UCI neurobiologist Ivan Soltesz to receive research support from President Obama’s BRAIN Initiative
Ivan Soltesz, Chancellor’s Professor and chair of anatomy & neurobiology at UC Irvine, is among some 100 researchers being honored Sept. 30 at a White House ceremony for the BRAIN Initiative.
Ivan Soltesz, Chancellor’s Professor and chair of anatomy & neurobiology at UC Irvine, is among some 100 researchers being honored Sept. 30 at a White House ceremony for the BRAIN Initiative. Earlier in the day, the National Institutes of Health announced $46 million in support of myriad projects to develop new tools and technologies to foster a deeper understanding of neural circuit function. This could eventually lead to new treatments and cures for devastating brain disorders and diseases.
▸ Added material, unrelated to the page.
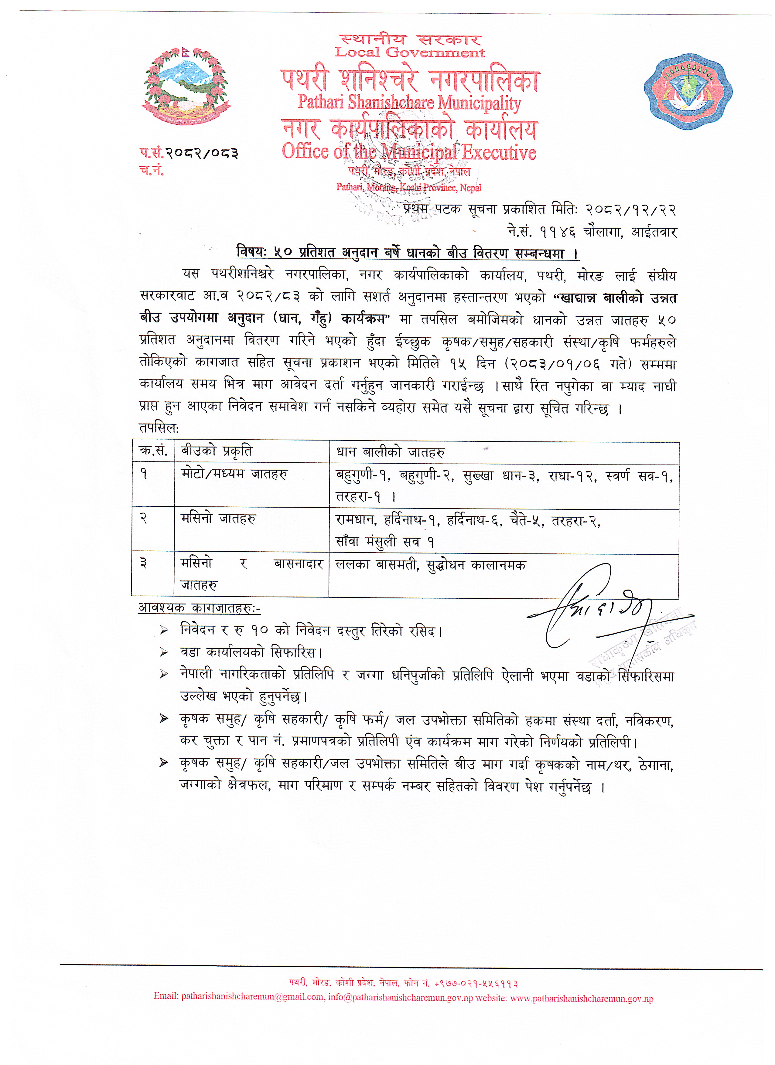 ५० प्रतिशत अनुदान बर्षे धानको बीउ वितरण सम्बन्धमा ।

Last year, President Barack Obama launched the BRAIN Initiative as a large-scale effort to equip researchers with fundamental insights necessary for addressing a wide variety of brain disorders.
Soltesz’s three-year, $1.95 million project will attempt to fully understand memory replay in terms of the detailed properties of the brain cells involved. He and his collaborators will use cutting-edge recording technologies to study and manipulate identified cell types; they’ll develop a novel method to provide needed information about connectivity among the neurons involved. The team will construct the first full-scale computational model of the brain area that produces memory replay in which every cell is explicitly simulated. These powerful new approaches are likely to yield major insights into the principles of neuron interaction that give rise to cognitive function, with important implications for memory disorders.
Soltesz’s collaborators include Attila Losonczy of Columbia University, Gyorgy Buzsaki of New York University and John Lisman of Brandeis University.
Soltesz, whose groundbreaking work is boosting our knowledge of brain cell microcircuitry, has been widely honored for his research related to epilepsy and traumatic brain injury, while blazing a trail in the emerging field of computational neuroscience.